Vijftig kinderboekenschrijvers bij elkaar, dat zie je niet zo vaak.
Elke schrijver gaat een halfjaar op een taalzwakke school ‘Schoolschrijver’ zijn.Dat is een tof baantje en in sommige gevallen een dapper baantje.
Kinderen zonder fantasie
Zo werd mij bij de eerste kennismaking op de nieuwe school verteld dat mijn klassen onmogelijk waren. De vrij uitgeputte juffen zeiden: ‘Ze kunnen niet overleggen en ook niet zacht praten, alleen maar schreeuwen. Dus praten is onder de les verboden.’ Van die klassen waarin elk leuk initiatief strandt omdat de kinderen ‘geen fantasie hebben en een grote hekel aan lezen. Niemand heeft hier een boek.’ Sinds dat gesprek kijk ik, afhankelijk van mijn stemming, bevend of juist vol adrenaline uit naar mijn eerste lessen in januari.
‘Wees kwetsbaar en persoonlijk tegen die moeilijke kinderen,’ adviseert een collega tijdens de jaarlijkse samenkomst van Schoolschrijvers. ‘Hou afstand,’ zegt juist een ander. Eerlijk zijn, maar niet teveel verwachten, zo vat ik dat maar samen. Al doe je het maar voor één kind op die hele school. Dat misschien wel iets prachtigs verzint en zichzelf verrast. Of per ongeluk in de ban raakt van een boek.

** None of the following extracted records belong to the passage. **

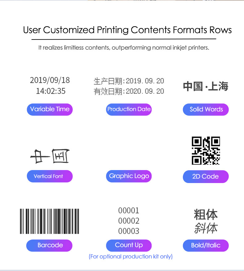 - Printed Content: Chinese, English, Number, Symbol, QR Code, Barcode, Graphics, Date, Time, etc.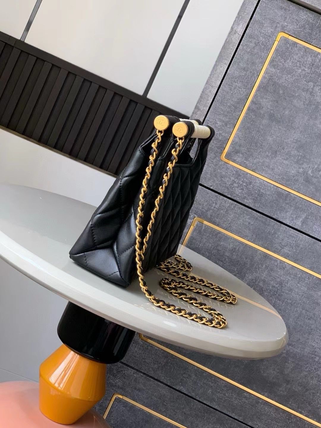 Chanel Shiny Lambskin Pearl Small Crossbody Shopping Bag Black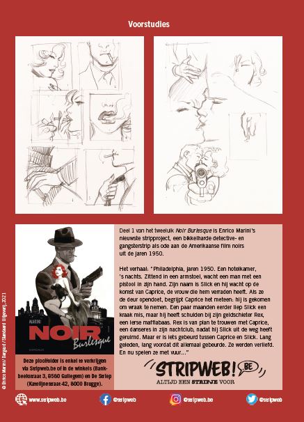 KAN NIET AFZONDERLIJK BESTELD WORDEN!!!!!!!!! Stripweb uitgave met exclusief beeldmateriaal van het album Noir Burlesque van Marini die op 24 november verschijnt. Gratis te verkrijgen : - bij de aankoop van de strip Noir Brulesque - bij iedere aankoop vanaf 29 euro. opgepast beperkte oplage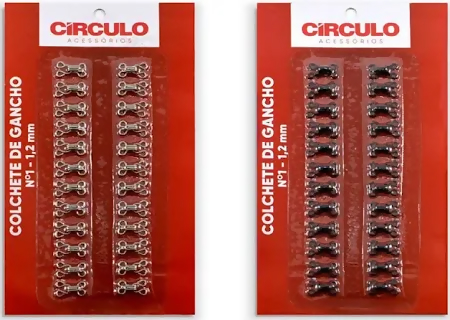 O Colchete de Gancho Círculo é um acessório de alta qualidade, delicado e ideal para acabamentos eficazes de peças artesanais variadas. Esse item pode ser aplicado a bolsas, peças de moda íntima, vestidos, shorts, calças, projetos de costura criativa e o que mais a imaginação do artesão permitir. Aplique os Colchetes de Gancho a seus trabalhos facilmente por meio de costura e não sofra mais com imprevistos de botões que abrem acidentalmente.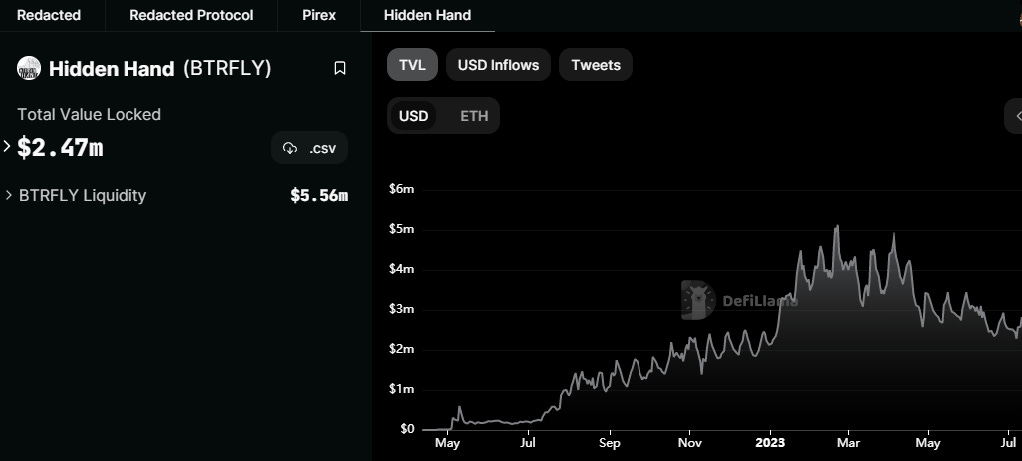 Another new implementation to Hidden Hand is the ability to view its stats and a brief overview along side the Redacted treasury tab, Pirex and the BTRFLY token on Defillama.com This page is a good resource to check the important stats for the health and activity of the Redacted product suite so head over and try it out.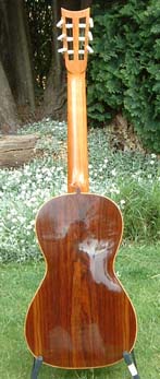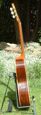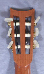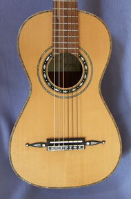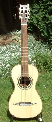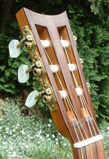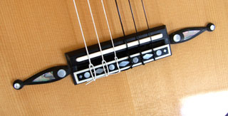 The bridge on an original Panormo has pins and a fixed saddle. My version has a bone saddle and six tie holes.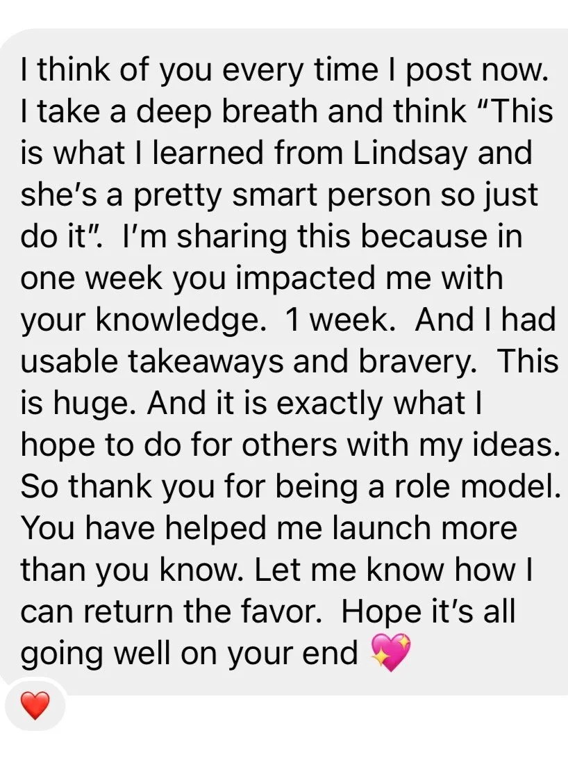 "Lindsay is passionate about helping women build their business and brands and it shines through. She was able to not only provide a top-notch workshop, but also an opportunity for female founders to come together to work together to champion one another. Lindsay offers so much more then what meets the eye and I am so grateful to have had the opportunity to work and learn with and from her."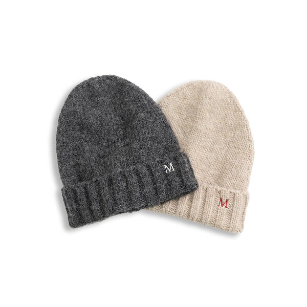 柔らかで優しい色合いのシンプルなニット帽です。配色の“M”刺繍がさりげないアクセントです。もちもちとしたとても触り心地の良い素材です。手洗い可能なのも嬉しいポイントです。どんなコーディネートにもなじむシンプルなカラーとデザインです。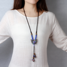 特色民族风夸张吊坠百搭景泰蓝挂件项链配饰长款毛衣链女款春夏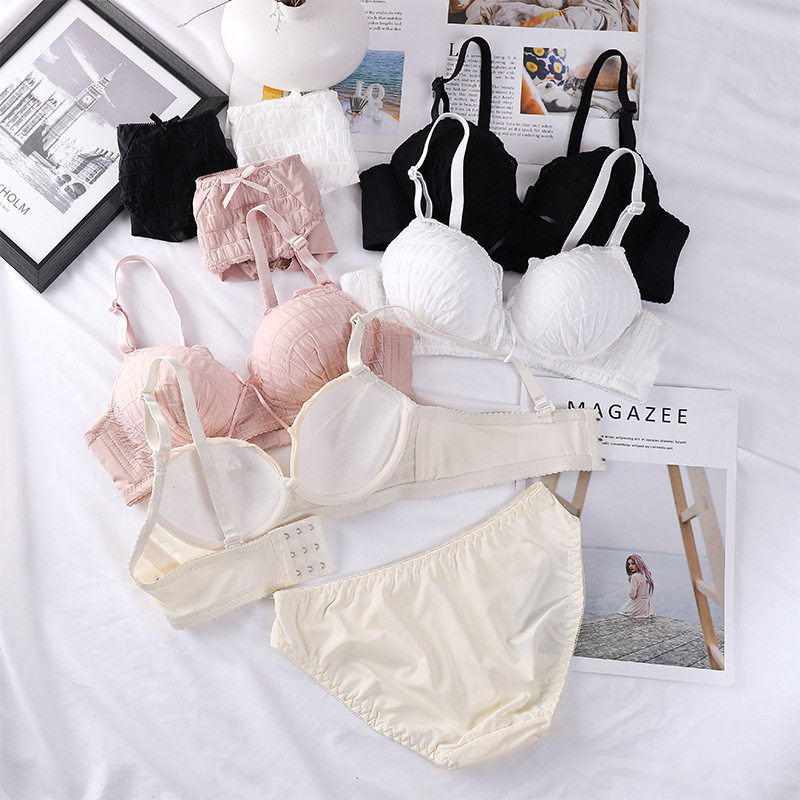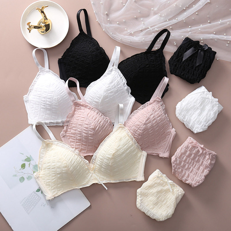 2021新款无钢圈日系少女文胸套装聚拢性感内衣套装蝴蝶结光面文胸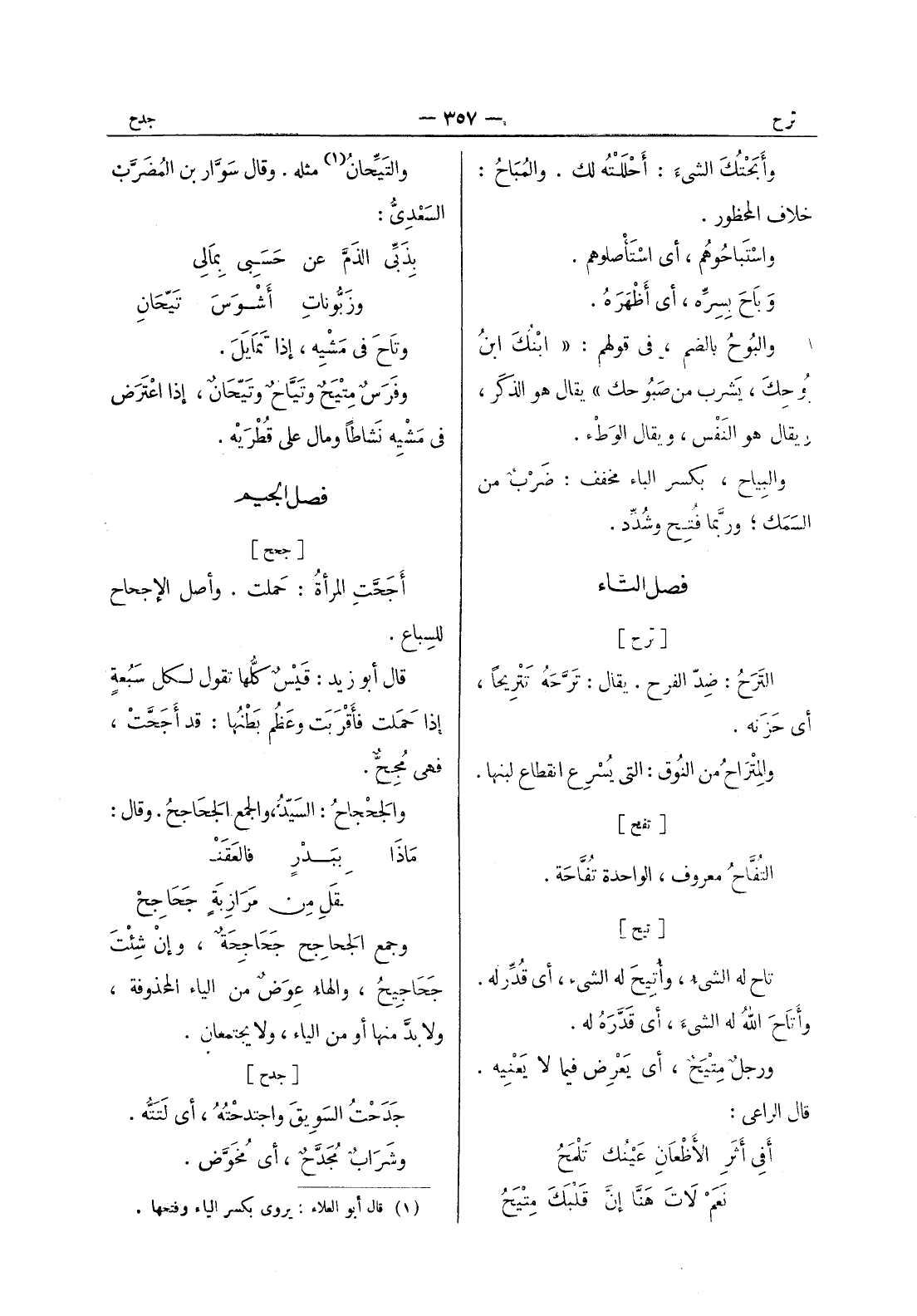 والتيحان (¬1) مثله. وقال سوار بن المضرب السعدى: بذبى الذم عن حسبى بمالى * وزبونات أشوس تيحان وتاح في مَشْيِهِ، إذا تَمايَلَ. وفَرَسٌ مِتْيَحٌ وتَيَّاحٌ وتَيّحانٌ، إذا اعْتَرَض في مِشْيِهِ نَشاطاً ومال على قطريه.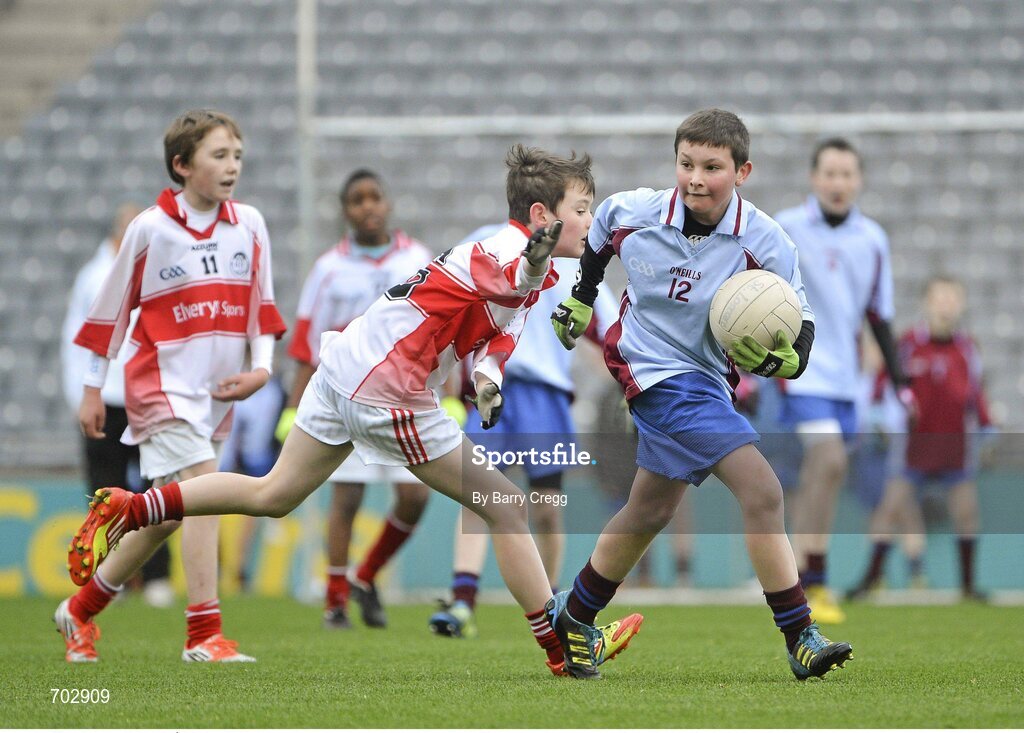 26 November 2012; Niall Ó hAnnáin, Scoil Mobhi Glasanaíon in action against Marc Dietz, Scoil Lorcáin Baile Pámair. Allianz Cumann na mBunscol Finals, Scoil Lorcáin Baile Pámair v Scoil Mobhi Glasanaíon, Croke Park, Dublin. Picture credit: Barry Cregg / SPORTSFILE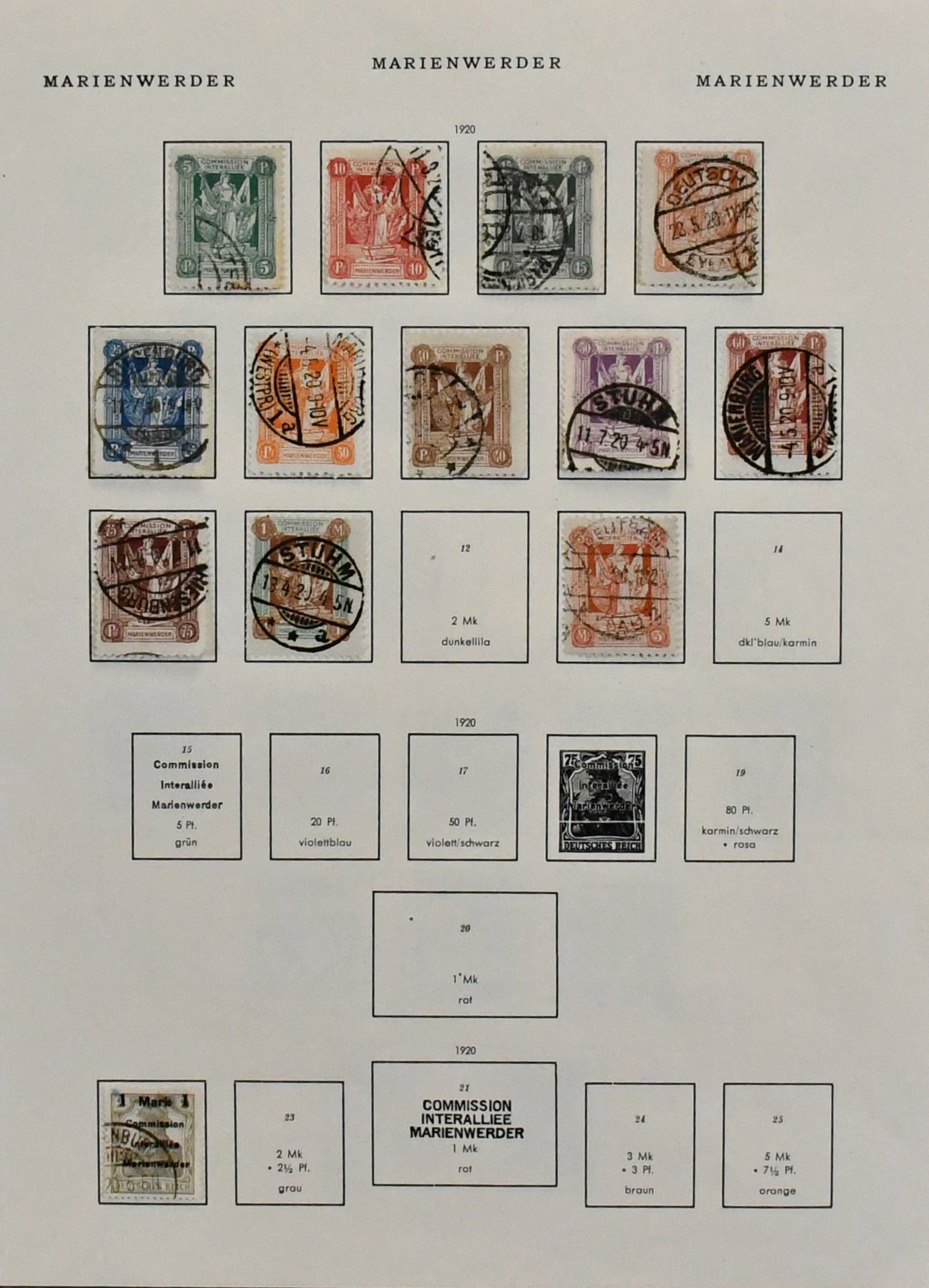 Deutsche Abstimmungsgebiete, gest. Slg. mit Allenstein Nr. 1/28 (Mi. 150,-), Marienwerder Nr. 22, 26/43 (ohne Nr. 32) kpl. (Mi. 100,-) usw.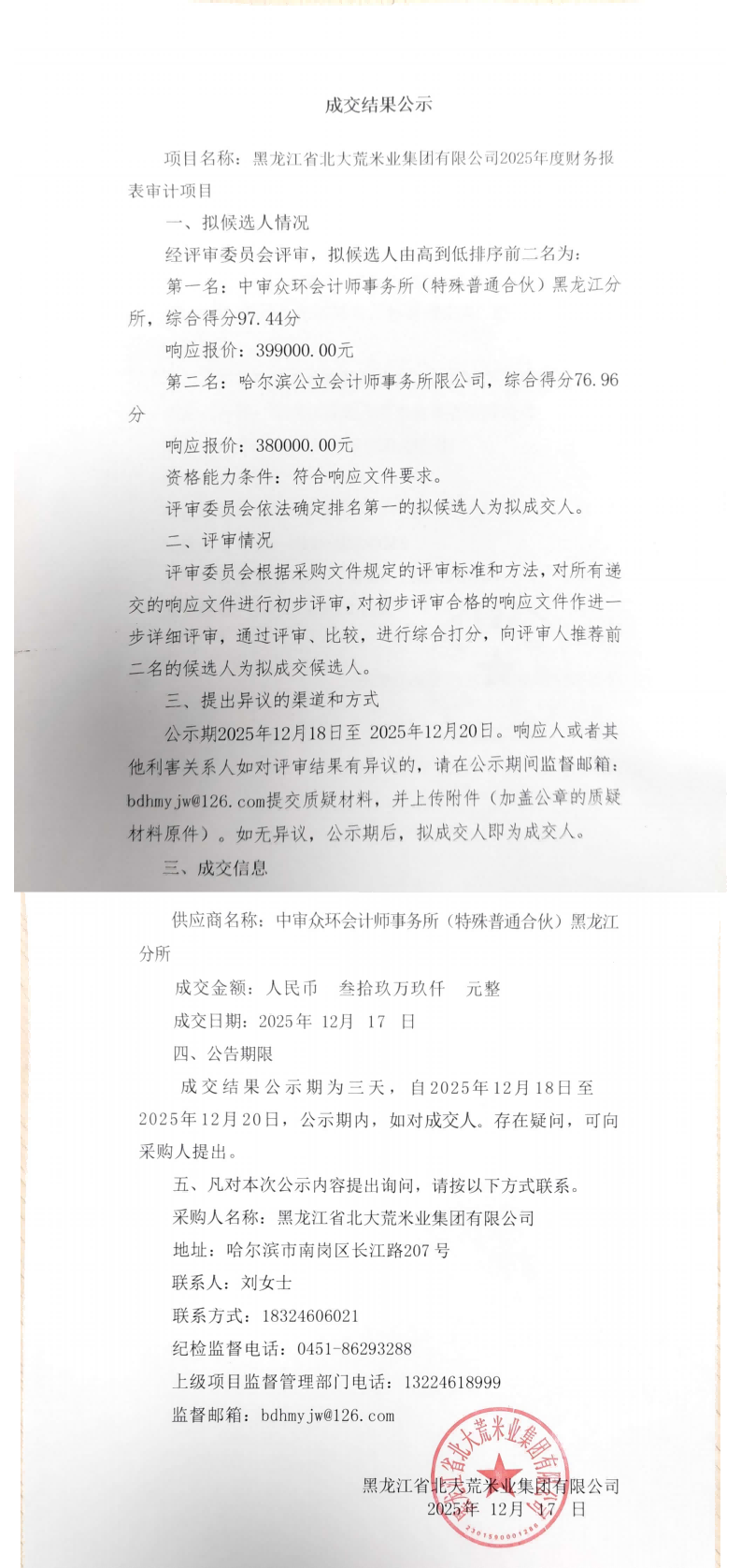 北大荒米业集团有限公司2025年度财务报表审计项目成交公告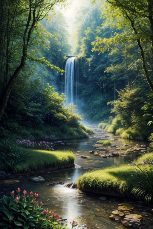 masterpiece, best quality, absurdres, illustration, photorealistic, cinematic, dynamic, domain expansion, glowing flowers, floating petals, lush greenery, sparkling streams, mystical light, enchanted flora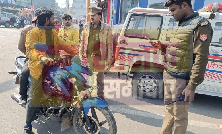बांदा। पुलिस अधीक्षक अंकुर अग्रवाल के निर्देशन व प्रभारी क्षेत्राधिकारी यातायात मोहम्मद जियाउद्दीन अहमद के पर्यवेक्षण में यातायात निरीक्षक राजेश कुमार वर्मा ने शहर के प्रमुख चौराहों महाराणा प्रताप, बाबूलाल चौराहा पर 125 वाहनों का चालान किया। लोगों को यातायात नियमों के बारे में जागरूक किया तथा जो चालक बिना हेलमेट लगाए वाहन चलाते पाये गये उनका चालान किया साथ ही चार पहिया वाहनों को भी चेक किया गया। पुलिस ने सीट बेल्ट के साथ-साथ वाहनों पर चढ़ी हुई काली फिल्मो को तत्काल प्रभाव से निकलवाया और हिदायत के साथ चालानी कार्रवाई की गई। यातायात प्रभारी राजेश कुमार वर्मा के द्वारा यातायात मार्ग के नियमों का पालन न करने वालों को जागरूक किया गया तथा हिदायत दी गई कि हमेशा यातायात नियमों का पालन करें और सुरक्षित यात्रा करें और कहा कि चेकिंग अभियान निरंतर जारी रहेगा। लोग यातायात नियमों का पालन करना सुनिश्चित करें ताकि किसी भी प्रकार की परेशानी का सामना न करना पड़े।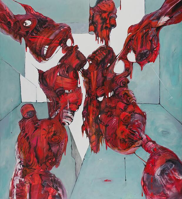 Das Gemälde „iceroom“ sei ein Wendepunkt gewesen, eine Möglichkeit, diese Wut künstlerisch produktiv herauszulassen, sie fassbar zu machen.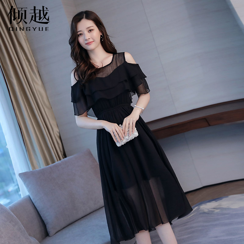 / 歐洲站2017夏季新款女裝韓版時尚露肩雪紡連衣裙仙女氣質顯瘦裙子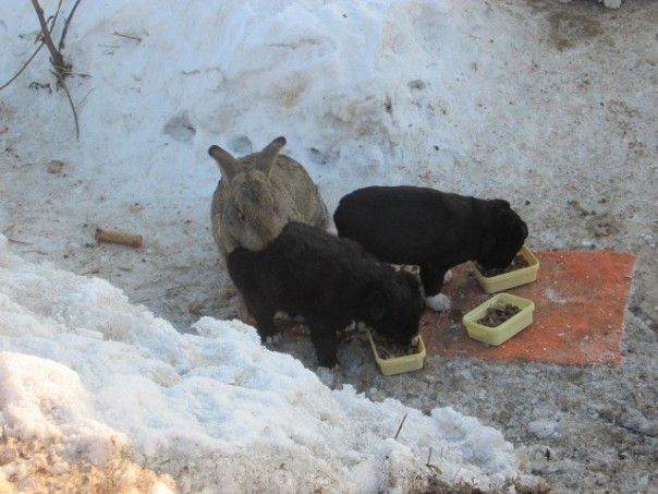 В Омской области кролик спас щенков и заменил им убитую собаку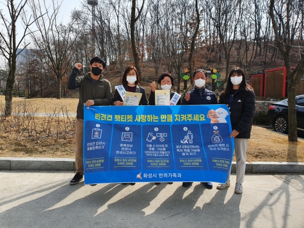 [충청뉴스큐] 화성시가 16일 여울공원과 호수공원, 센트럴파크 일대에서 명예감시원과 함께 펫티켓 준수 캠페인을 벌였다.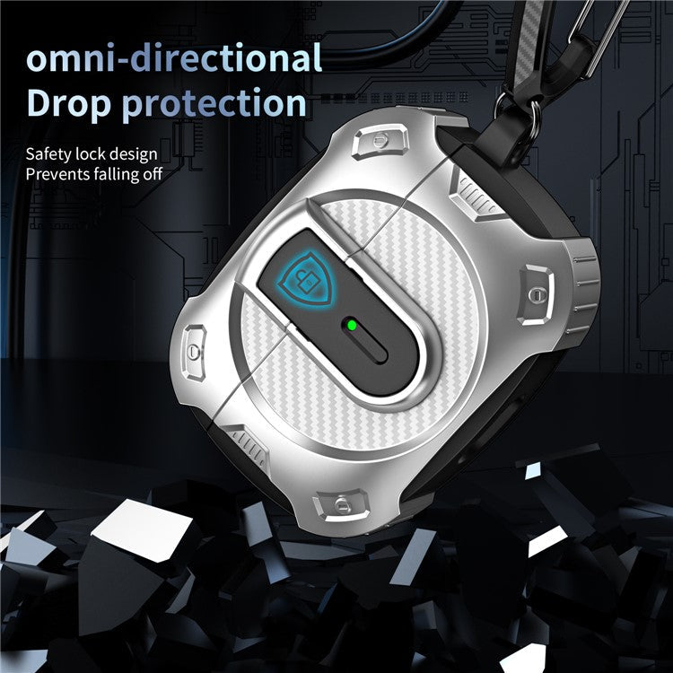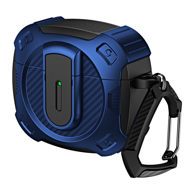For AirPods 4 Case PC+TPU Lock Design Earphone Protective Cover with Hanging Hook - Blue

Later aan de bar valt het me weer op: wij schoolschrijvers zijn een ongeregeld zootje. Van hip tot tuttig, van nerd tot clown. Maar toch, allemaal in hetzelfde schuitje. En aandoenlijk lief. Om kinderboekenschrijver te zijn moet je altijd een beetje in Villa Kakelbont blijven wonen, denk ik. Maar dan wel met drank, en soms: veel drank.